- [Problem to work on] Extract only the lines from the start of the entries below to the line with "- WIDELY USED:The", inclusive; omit every picture.

BEGIN Available records

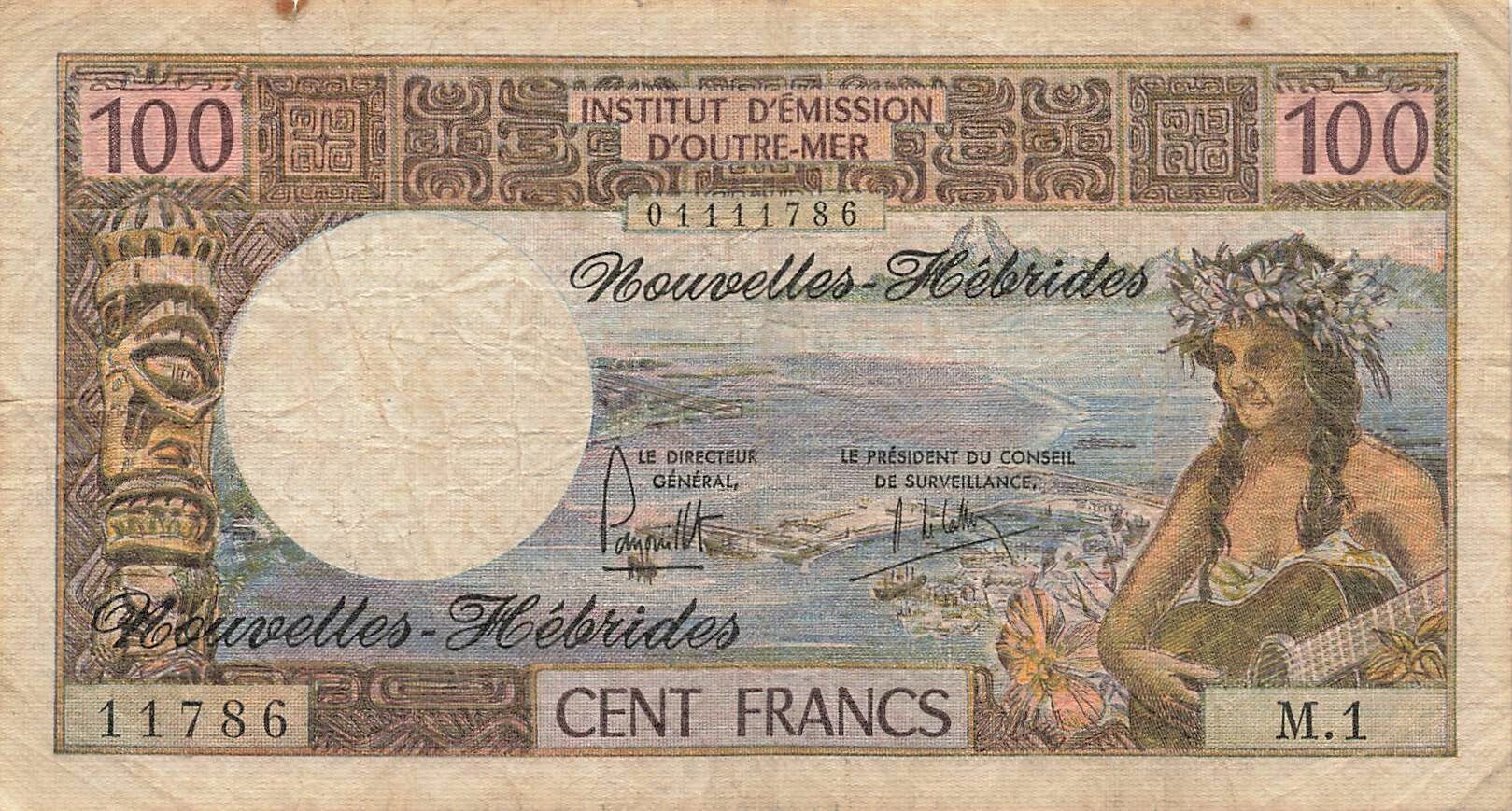 Accueil > Billets du Monde > Billets d'Océanie > Nouvelles Hébrides > Nouvelles Hébrides 100 Francs - ND (1975) - P.18c
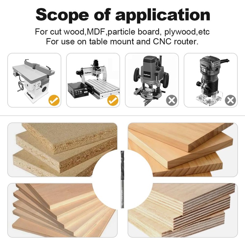 - WIDELY USED:The solid carbide spiral Router bits are suitable for CNC routers and table routers as well as any brand of routers with 1/8" collets. For cutting plywood, OAK, MDF, and any hardwood working and keep sharp after multiple uses
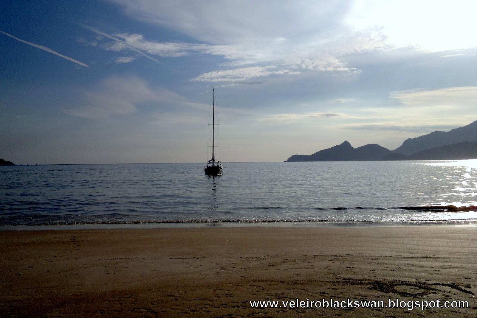 Mesmo assim, desconfiados, descemos âncora e a tripulação seguiu para terra... Os quatro... em um botinho mínimo!! Pareciam um "peru no pires"!! O Blackinho havia sido deixado em Paraty, pois, em viagens longas, o rapaizinho provoca uma certa perda na minha performance! Acho que chega a "roubar" um meio nó na minha velocidade! Isso, em percursos pequenos, não é nenhum problema, mas a viagem desta vez seria mais longa... Então veio o Blackinho Júnior... Ideal para um casal, e um mico total para os quatro juntos!! E foi assim, com as bundas molhadas e com com sério risco de virarem, que a tripulação chegou em terra! E eu lá, só me divertindo com a cena... rs
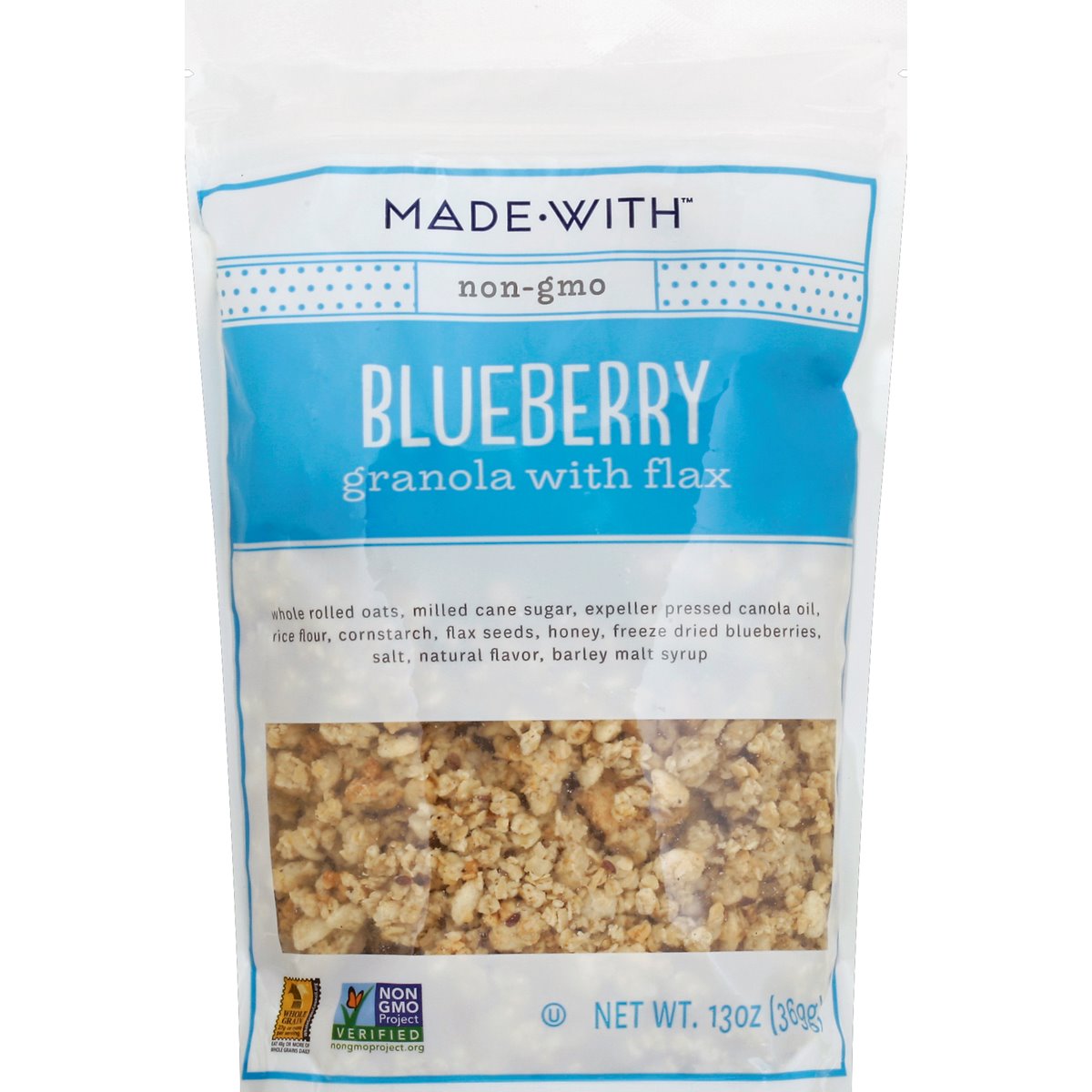 Made With Blueberry Granola with flax is made with blueberries, flax, and rolled oats. Each serving contains 8 g. Of total fat, 14 g. Of sugar and 4 g. Of healthy protein. Our granola tastes great when eaten on its own or with milk and can also be used as a topping for ice cream, yogurt, and chopped fruit. This 13 oz. bag provides approximately seven servings.
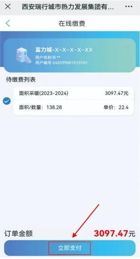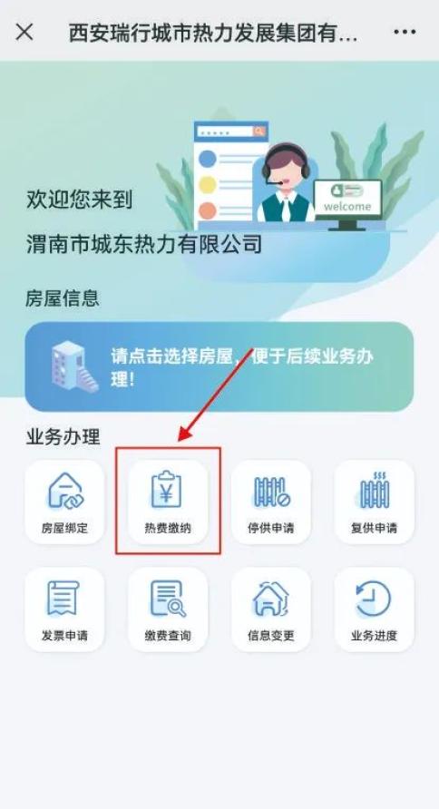④绑定成功后返回操作主界面,点击“热费缴纳”进入立即支付。

END Available records

- [Answer section]
 Accueil > Billets du Monde > Billets d'Océanie > Nouvelles Hébrides > Nouvelles Hébrides 100 Francs - ND (1975) - P.18c
 - WIDELY USED:The solid carbide spiral Router bits are suitable for CNC routers and table routers as well as any brand of routers with 1/8" collets. For cutting plywood, OAK, MDF, and any hardwood working and keep sharp after multiple uses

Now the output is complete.